The source said Biden’s aides could consider a pact patterned on those with Japan and other Asian allies, under which the U.S. pledges military support but is less explicit about whether U.S. troops would be deployed. However, the source said some U.S. lawmakers might resist such a pact.

Another template, which would not need congressional approval, would be the agreement signed with Bahrain on Sept. 13, in which the U.S. pledged to “deter and confront any external aggression” but also said the two governments would consult to determine what, if any, action would be taken.

The source in Washington said Saudi Arabia could be designated a Major Non-NATO Ally, a step which had long been considered. This status, which several Arab states such as Egypt have, comes with a range of benefits, such as training.

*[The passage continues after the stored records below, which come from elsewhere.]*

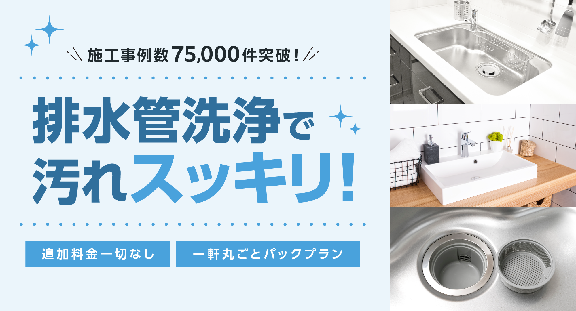 以前排水管洗浄をしたときから日が経ったので、安い会社を探しWEB割キャンペーンで依頼。外だけでなく家の中からも掃除してくれて、お風呂場のちょっとしたところもすぐ直してくれました。丁寧な方だったのでお任せして良かったです。次もお願いします。
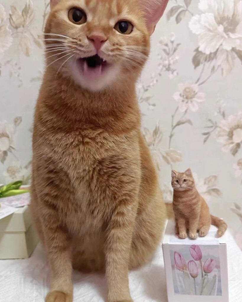 This project recreates your cat as a needle felted miniature figurine, roughly 2-3 inches tall, sitting in a classic upright pose. The one in the photo is a dead ringer for that orange tabby — same striped coat, same little pink nose, same “I own this house” energy.
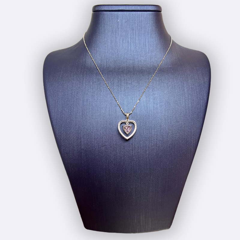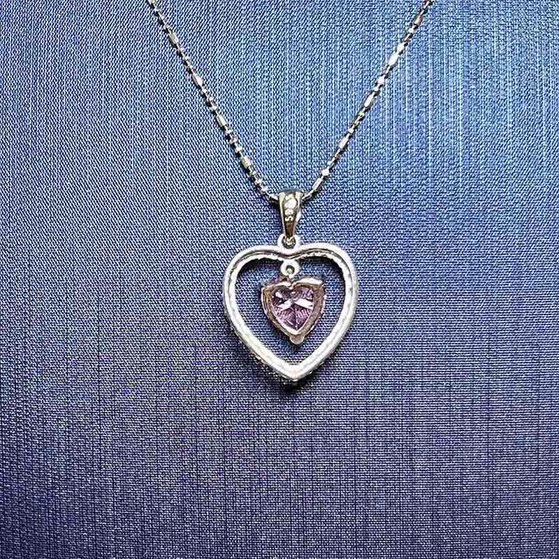 Silver Heart Necklace with Purple Stone
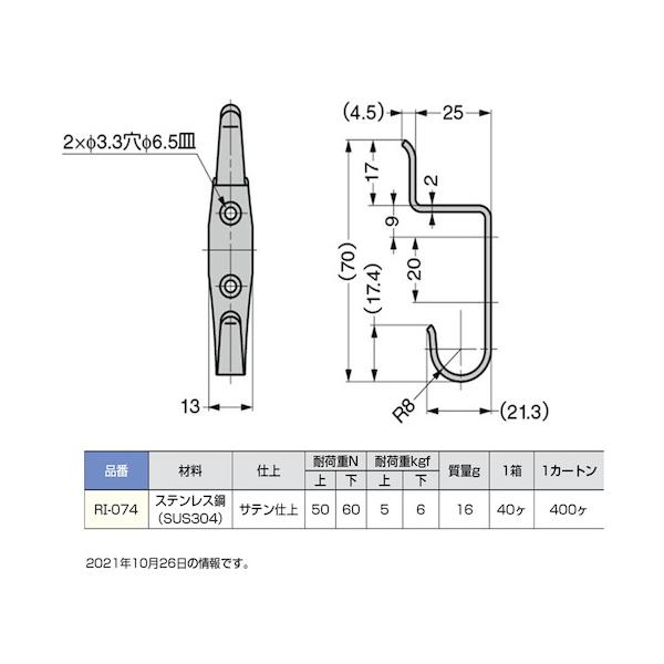 SUGATSUNE (110020006) RI-074 ステンレス鋼製フック ▼254-0533 RI-074 1個
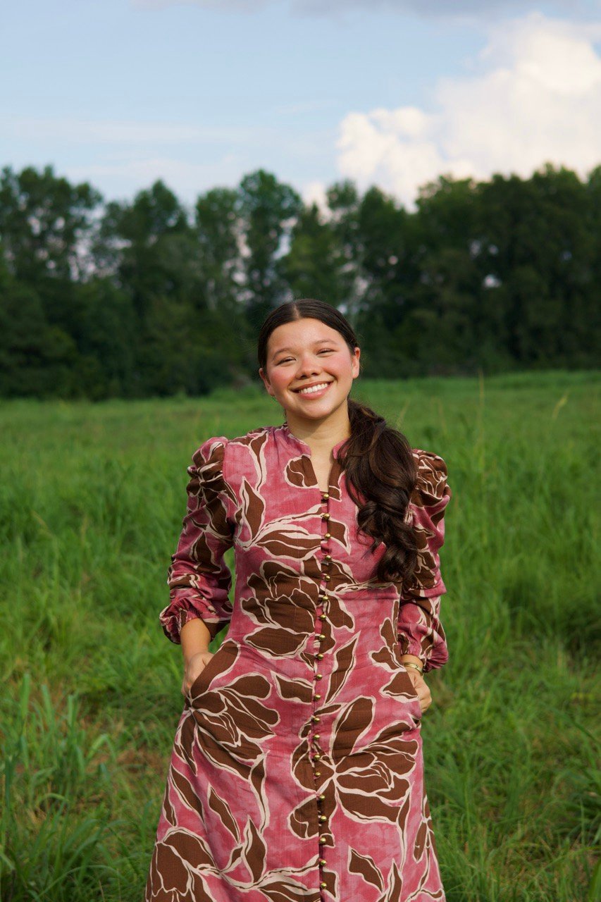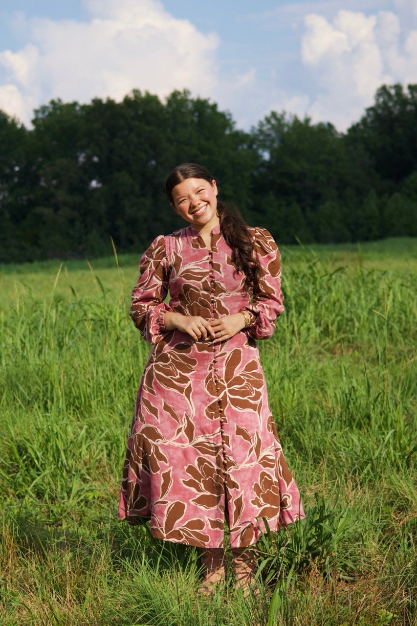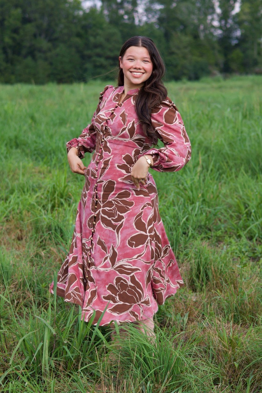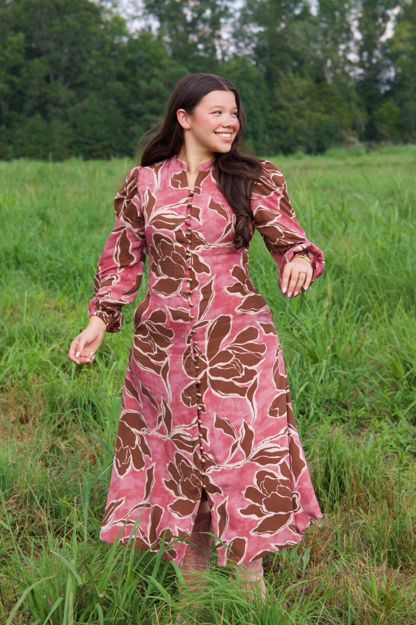 This linen dress blends natural charm with timeless style. Soft and breathable, it’s perfect for all day wear. The earthy floral print, button down front, and puffed sleeves create a feminine, versatile look – ideal for both causal outings and special occasions.

The second of the regional sources said Riyadh was compromising in some demands to help secure a deal, including over its plans for civilian nuclear technology. The source said Saudi Arabia was ready to sign Section 123 of the U.S. Atomic Energy Act, establishing a framework for U.S. peaceful nuclear cooperation, a move Riyadh previously refused to take.

The Gulf source said the kingdom was prepared to accept a pact that did not match a NATO Article 5 guarantee but said the U.S. had to commit to protecting Saudi Arabia if its territory was attacked. The source also said a deal could be similar to Bahrain’s agreement but with extra commitments.

‘LOTS OF WORK TO DO’

In response to emailed questions about details in this article, a U.S. State Department spokesperson said: “Many of the key elements of a pathway towards normalisation are now on the table and there is a broad understanding of those elements, which we will not discuss publicly.”

“There’s still lots of work to do, and we’re working through it,” the spokesperson added, saying there was not yet a formal framework and stakeholders were working on legal and other elements.

The spokesperson did not address specifics about the U.S.-Saudi defence pact in the response.

Israel’s Prime Minister Benjamin Netanyahu has hailed the possibility of a “historic” peace with Saudi Arabia, the heartland of Islam. But to secure the prize, Netanyahu has to win the approval of parties in his a far-right coalition which reject any concessions to the Palestinians.

MbS said in a Fox News interview this month that the kingdom was moving steadily closer to normalising ties with Israel. He spoke about the need for Israel to “ease the life of the Palestinians” but made no mention of Palestinian statehood.

Nevertheless, diplomats and the regional sources said MbS was insisting on some commitments from Israel to show he was not abandoning the Palestinians and that he was seeking to keep the door open to a two-state solution.

Those would include demanding Israel transfer some Israeli-controlled territory in the West Bank to the Palestinian Authority (PA), limit Jewish settlement activity and halt any steps to annex parts of the West Bank. Riyadh has also promised financial aid to the PA, the diplomats and sources said.

Palestinian President Mahmoud Abbas has said any bargain must recognise the Palestinian right to a state within the 1967 borders, including East Jerusalem, and must stop Israeli settlement building. However, all the sources said a Saudi-Israeli deal was unlikely to address those flashpoint issues.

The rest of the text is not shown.